The data START
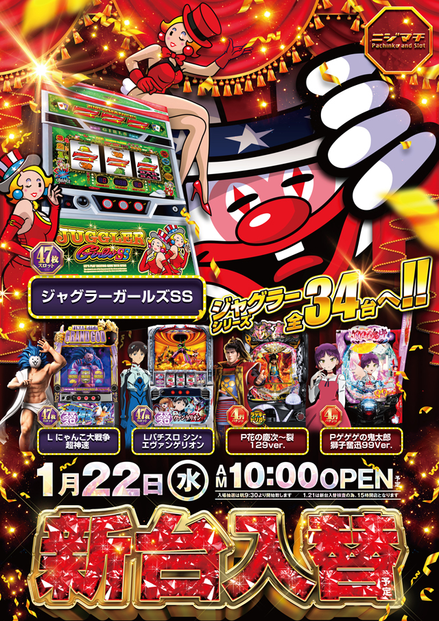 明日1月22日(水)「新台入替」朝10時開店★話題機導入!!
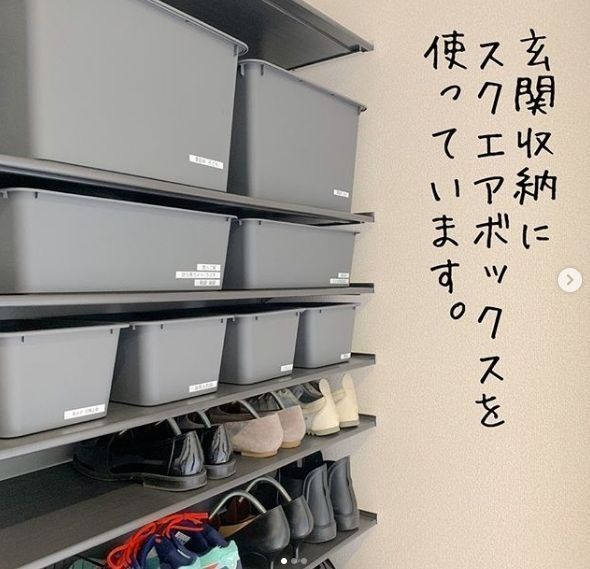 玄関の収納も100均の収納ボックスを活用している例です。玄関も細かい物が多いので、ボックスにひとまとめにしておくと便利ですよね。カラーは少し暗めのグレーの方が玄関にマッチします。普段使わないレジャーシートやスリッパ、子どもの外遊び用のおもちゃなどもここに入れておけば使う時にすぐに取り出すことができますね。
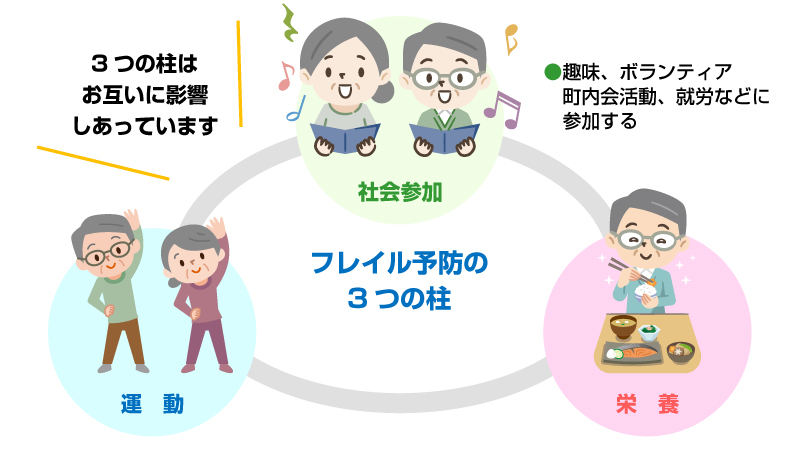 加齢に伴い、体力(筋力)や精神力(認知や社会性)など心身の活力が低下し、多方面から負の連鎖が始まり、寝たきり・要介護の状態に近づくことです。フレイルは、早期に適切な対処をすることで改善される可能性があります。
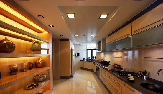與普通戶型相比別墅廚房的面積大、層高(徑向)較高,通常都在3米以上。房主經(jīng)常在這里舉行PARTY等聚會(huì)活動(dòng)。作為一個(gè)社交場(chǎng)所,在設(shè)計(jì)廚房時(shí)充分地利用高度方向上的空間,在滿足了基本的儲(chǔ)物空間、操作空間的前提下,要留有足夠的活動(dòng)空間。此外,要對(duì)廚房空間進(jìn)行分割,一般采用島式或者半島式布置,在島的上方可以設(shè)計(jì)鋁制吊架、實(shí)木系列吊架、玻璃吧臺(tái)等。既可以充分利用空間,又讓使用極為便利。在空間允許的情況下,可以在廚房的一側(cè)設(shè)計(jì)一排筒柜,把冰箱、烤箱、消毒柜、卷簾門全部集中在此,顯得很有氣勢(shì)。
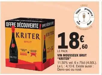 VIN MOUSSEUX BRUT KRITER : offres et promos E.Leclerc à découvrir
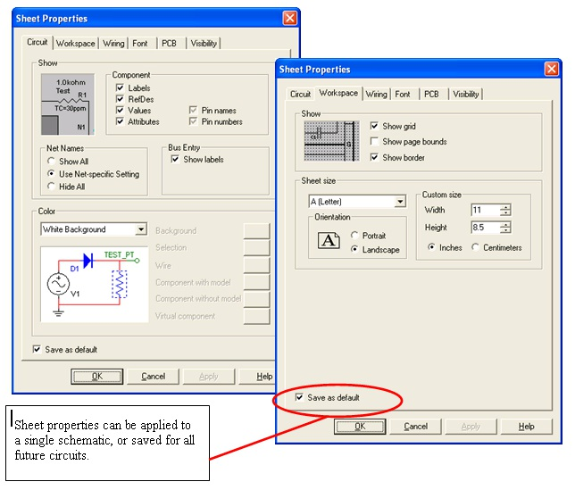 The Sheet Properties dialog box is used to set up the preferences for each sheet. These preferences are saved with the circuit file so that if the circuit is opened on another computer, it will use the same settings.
The data END
The data START
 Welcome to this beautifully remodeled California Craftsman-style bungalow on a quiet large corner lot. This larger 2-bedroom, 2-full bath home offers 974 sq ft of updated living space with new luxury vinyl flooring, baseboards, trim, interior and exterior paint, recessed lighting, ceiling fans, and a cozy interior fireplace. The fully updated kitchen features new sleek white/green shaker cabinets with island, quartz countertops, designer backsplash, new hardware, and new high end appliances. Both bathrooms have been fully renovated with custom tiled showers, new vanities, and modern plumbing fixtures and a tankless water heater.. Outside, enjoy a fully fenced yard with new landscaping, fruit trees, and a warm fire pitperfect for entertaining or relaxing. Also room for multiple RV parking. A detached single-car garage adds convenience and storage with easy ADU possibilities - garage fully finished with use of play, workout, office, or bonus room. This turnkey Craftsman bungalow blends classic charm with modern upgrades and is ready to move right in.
The data END
## [Task goal]
Look above for the line with "加齢に伴い、体力(筋力)や精" and the line with "The Sheet Properties", then copy exactly the lines from the first through the second, both kept, with no pictures.

## [Your solution]
 加齢に伴い、体力(筋力)や精神力(認知や社会性)など心身の活力が低下し、多方面から負の連鎖が始まり、寝たきり・要介護の状態に近づくことです。フレイルは、早期に適切な対処をすることで改善される可能性があります。
與普通戶型相比別墅廚房的面積大、層高(徑向)較高,通常都在3米以上。房主經(jīng)常在這里舉行PARTY等聚會(huì)活動(dòng)。作為一個(gè)社交場(chǎng)所,在設(shè)計(jì)廚房時(shí)充分地利用高度方向上的空間,在滿足了基本的儲(chǔ)物空間、操作空間的前提下,要留有足夠的活動(dòng)空間。此外,要對(duì)廚房空間進(jìn)行分割,一般采用島式或者半島式布置,在島的上方可以設(shè)計(jì)鋁制吊架、實(shí)木系列吊架、玻璃吧臺(tái)等。既可以充分利用空間,又讓使用極為便利。在空間允許的情況下,可以在廚房的一側(cè)設(shè)計(jì)一排筒柜,把冰箱、烤箱、消毒柜、卷簾門全部集中在此,顯得很有氣勢(shì)。
 VIN MOUSSEUX BRUT KRITER : offres et promos E.Leclerc à découvrir
 The Sheet Properties dialog box is used to set up the preferences for each sheet. These preferences are saved with the circuit file so that if the circuit is opened on another computer, it will use the same settings.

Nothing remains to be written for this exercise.